**PROBLEM TO SOLVE**: Once you reach the line with "SALCHICHAS RANCHERA MEZCLADAS" below, copy each line exactly, stopping after the line with "Anti-bullying policy for", and skip any pictures.

Segment Start: SUPPLIED DATA

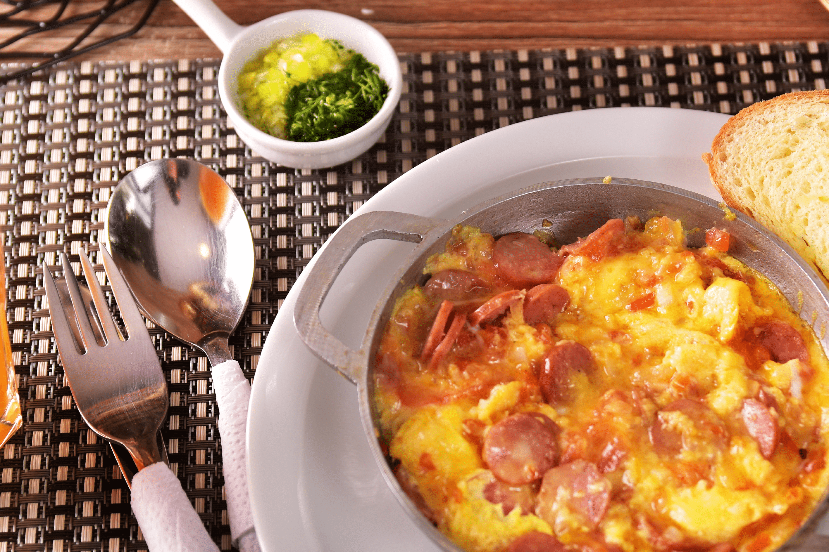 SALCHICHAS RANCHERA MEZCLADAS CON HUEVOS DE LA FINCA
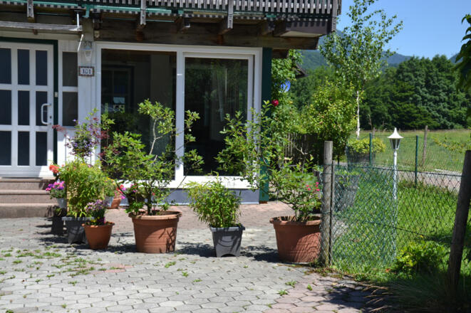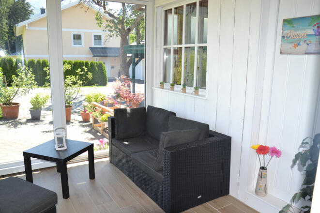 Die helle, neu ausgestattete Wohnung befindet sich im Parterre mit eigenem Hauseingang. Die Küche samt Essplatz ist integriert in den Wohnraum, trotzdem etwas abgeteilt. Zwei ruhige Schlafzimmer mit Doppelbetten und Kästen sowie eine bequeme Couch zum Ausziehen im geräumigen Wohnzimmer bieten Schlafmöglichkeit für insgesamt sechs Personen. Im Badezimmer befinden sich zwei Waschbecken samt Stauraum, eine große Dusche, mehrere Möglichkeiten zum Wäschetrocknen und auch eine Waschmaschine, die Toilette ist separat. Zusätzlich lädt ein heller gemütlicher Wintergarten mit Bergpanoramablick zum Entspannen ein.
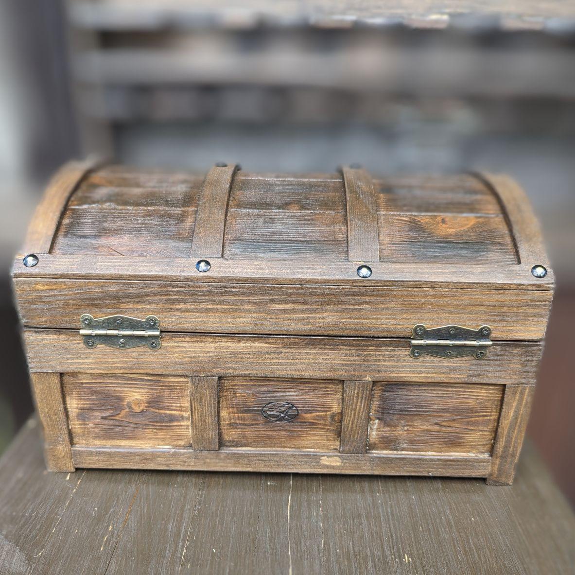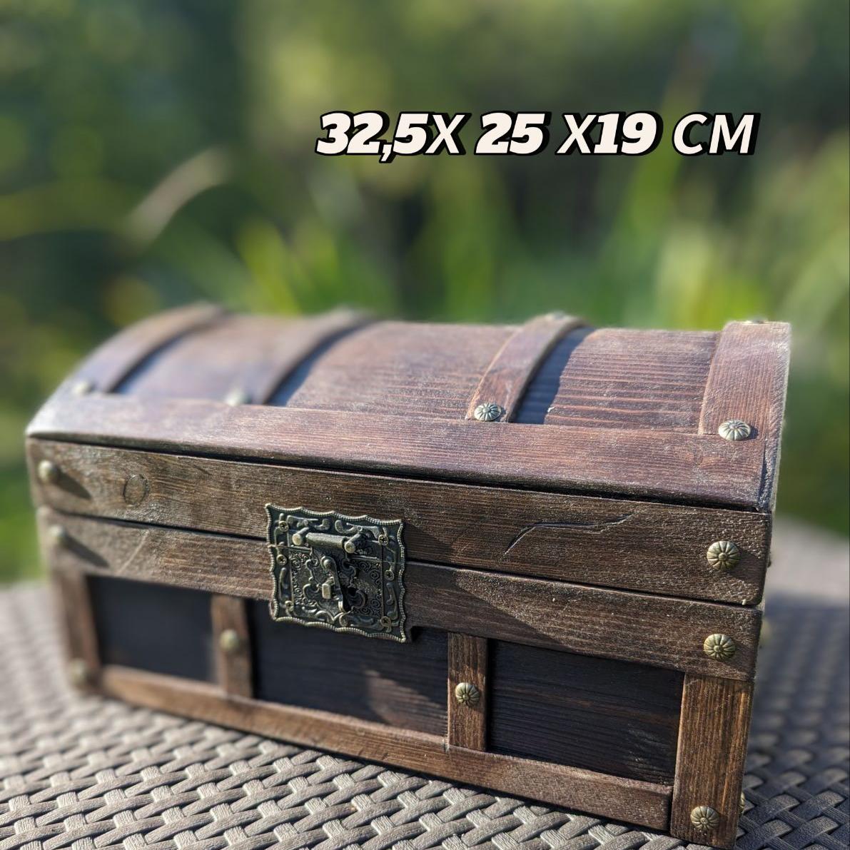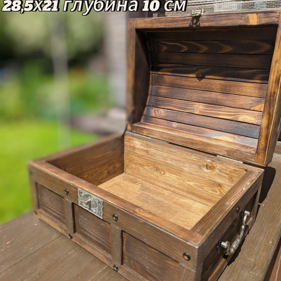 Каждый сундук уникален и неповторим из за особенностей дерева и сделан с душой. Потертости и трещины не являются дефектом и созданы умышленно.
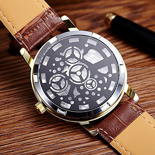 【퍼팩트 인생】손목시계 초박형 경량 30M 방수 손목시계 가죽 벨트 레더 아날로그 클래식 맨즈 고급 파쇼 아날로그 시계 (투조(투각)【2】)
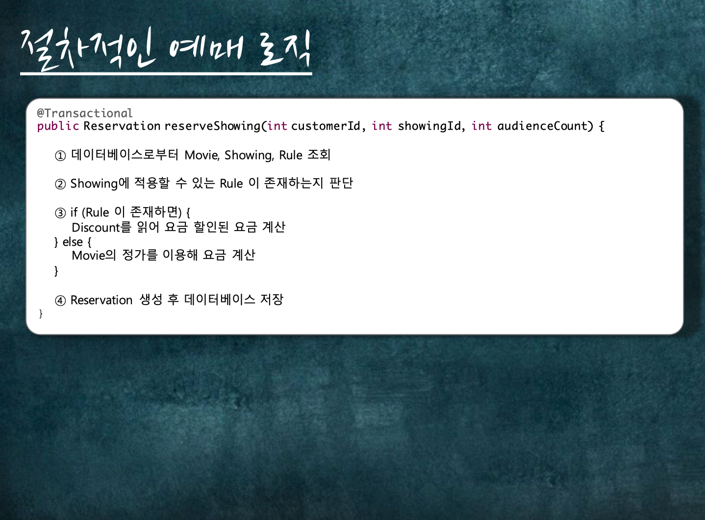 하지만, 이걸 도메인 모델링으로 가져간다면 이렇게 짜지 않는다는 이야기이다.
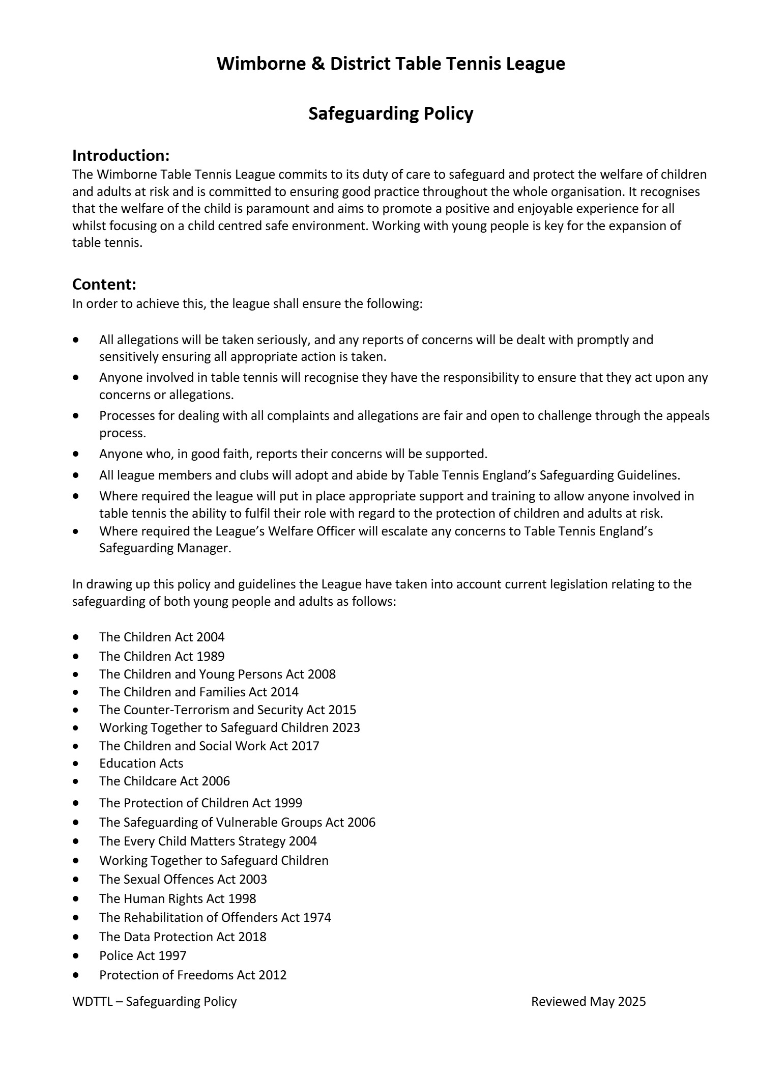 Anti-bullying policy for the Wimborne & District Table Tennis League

Segment End: SUPPLIED DATA
Segment Start: SUPPLIED DATA

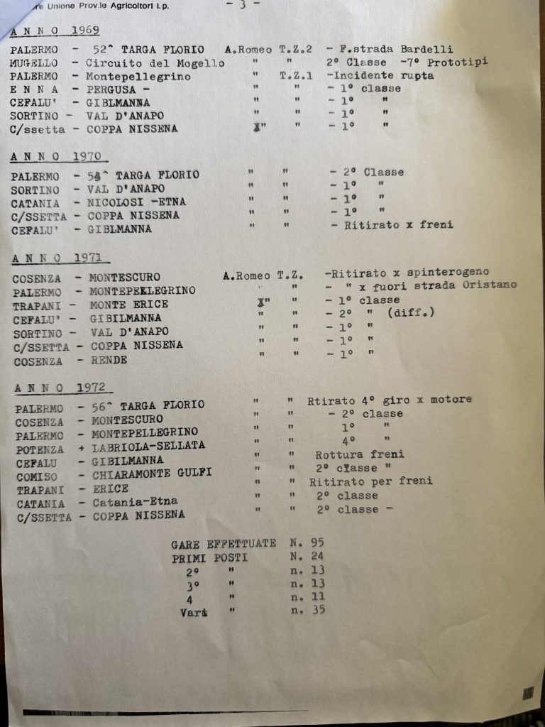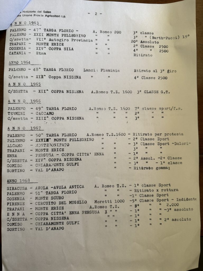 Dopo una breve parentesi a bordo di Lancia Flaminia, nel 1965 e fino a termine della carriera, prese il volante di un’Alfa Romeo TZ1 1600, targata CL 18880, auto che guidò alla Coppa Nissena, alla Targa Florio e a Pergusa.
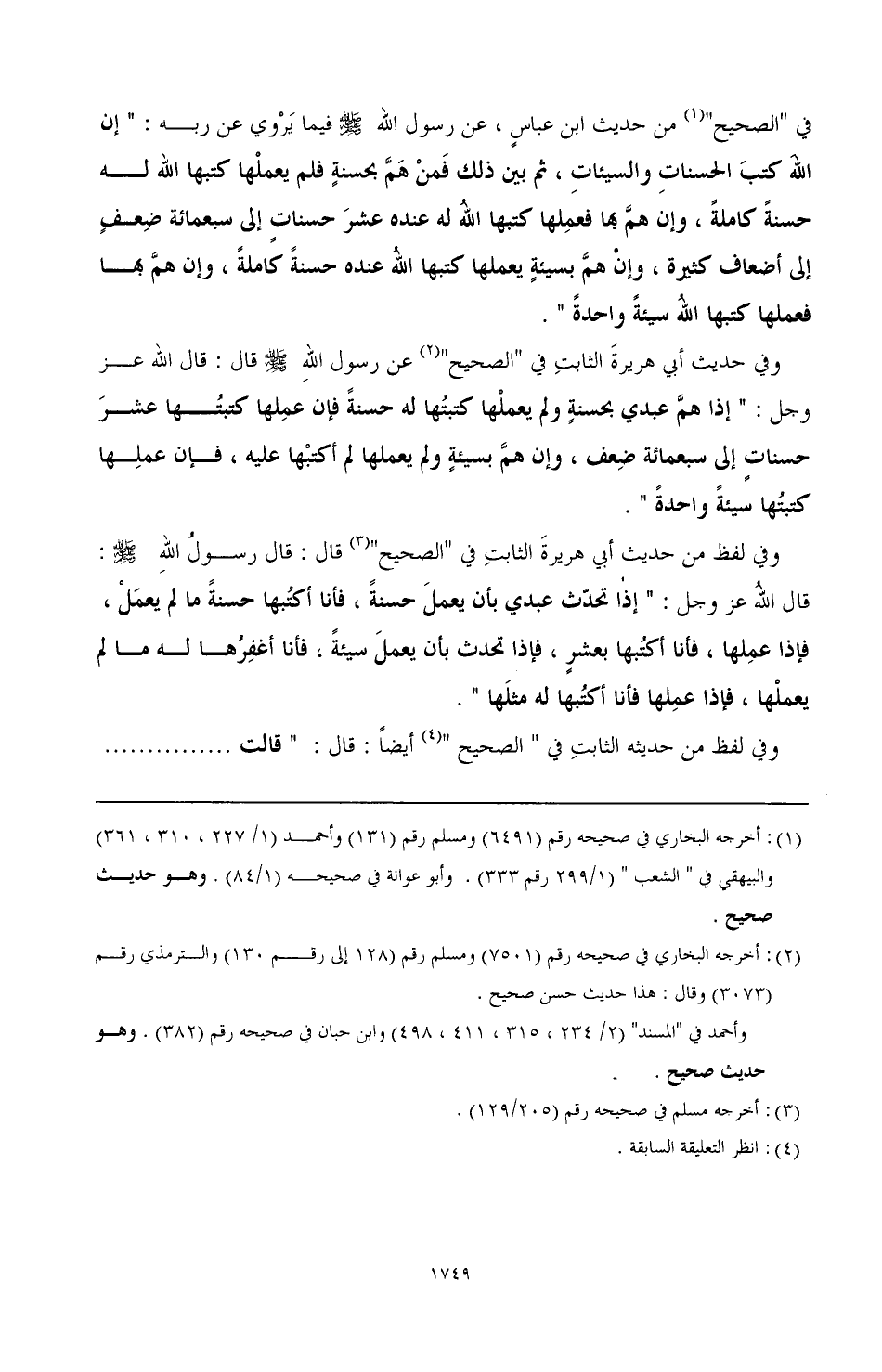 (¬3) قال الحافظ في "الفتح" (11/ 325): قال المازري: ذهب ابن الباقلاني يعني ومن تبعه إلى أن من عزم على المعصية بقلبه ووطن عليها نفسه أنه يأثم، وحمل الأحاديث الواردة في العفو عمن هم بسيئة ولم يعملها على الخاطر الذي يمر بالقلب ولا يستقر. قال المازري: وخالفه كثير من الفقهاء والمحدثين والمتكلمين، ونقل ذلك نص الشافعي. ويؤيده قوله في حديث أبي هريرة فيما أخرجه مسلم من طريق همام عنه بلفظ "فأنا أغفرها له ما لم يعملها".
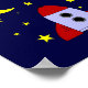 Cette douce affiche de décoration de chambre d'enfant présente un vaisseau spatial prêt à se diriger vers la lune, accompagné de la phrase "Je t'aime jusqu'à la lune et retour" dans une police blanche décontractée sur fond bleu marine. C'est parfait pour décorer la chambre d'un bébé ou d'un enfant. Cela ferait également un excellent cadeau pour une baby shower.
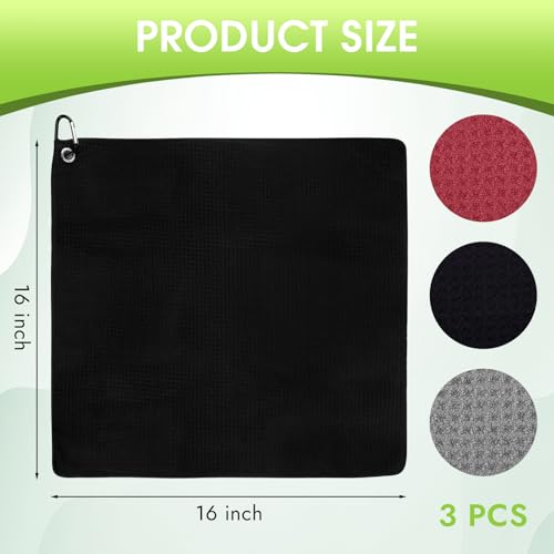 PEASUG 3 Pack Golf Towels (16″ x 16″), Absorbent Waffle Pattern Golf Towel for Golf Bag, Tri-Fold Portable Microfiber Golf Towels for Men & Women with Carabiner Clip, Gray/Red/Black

Segment End: SUPPLIED DATA

**TASK SOLUTION**:
 SALCHICHAS RANCHERA MEZCLADAS CON HUEVOS DE LA FINCA
 Die helle, neu ausgestattete Wohnung befindet sich im Parterre mit eigenem Hauseingang. Die Küche samt Essplatz ist integriert in den Wohnraum, trotzdem etwas abgeteilt. Zwei ruhige Schlafzimmer mit Doppelbetten und Kästen sowie eine bequeme Couch zum Ausziehen im geräumigen Wohnzimmer bieten Schlafmöglichkeit für insgesamt sechs Personen. Im Badezimmer befinden sich zwei Waschbecken samt Stauraum, eine große Dusche, mehrere Möglichkeiten zum Wäschetrocknen und auch eine Waschmaschine, die Toilette ist separat. Zusätzlich lädt ein heller gemütlicher Wintergarten mit Bergpanoramablick zum Entspannen ein.
 Каждый сундук уникален и неповторим из за особенностей дерева и сделан с душой. Потертости и трещины не являются дефектом и созданы умышленно.
 【퍼팩트 인생】손목시계 초박형 경량 30M 방수 손목시계 가죽 벨트 레더 아날로그 클래식 맨즈 고급 파쇼 아날로그 시계 (투조(투각)【2】)
 하지만, 이걸 도메인 모델링으로 가져간다면 이렇게 짜지 않는다는 이야기이다.
 Anti-bullying policy for the Wimborne & District Table Tennis League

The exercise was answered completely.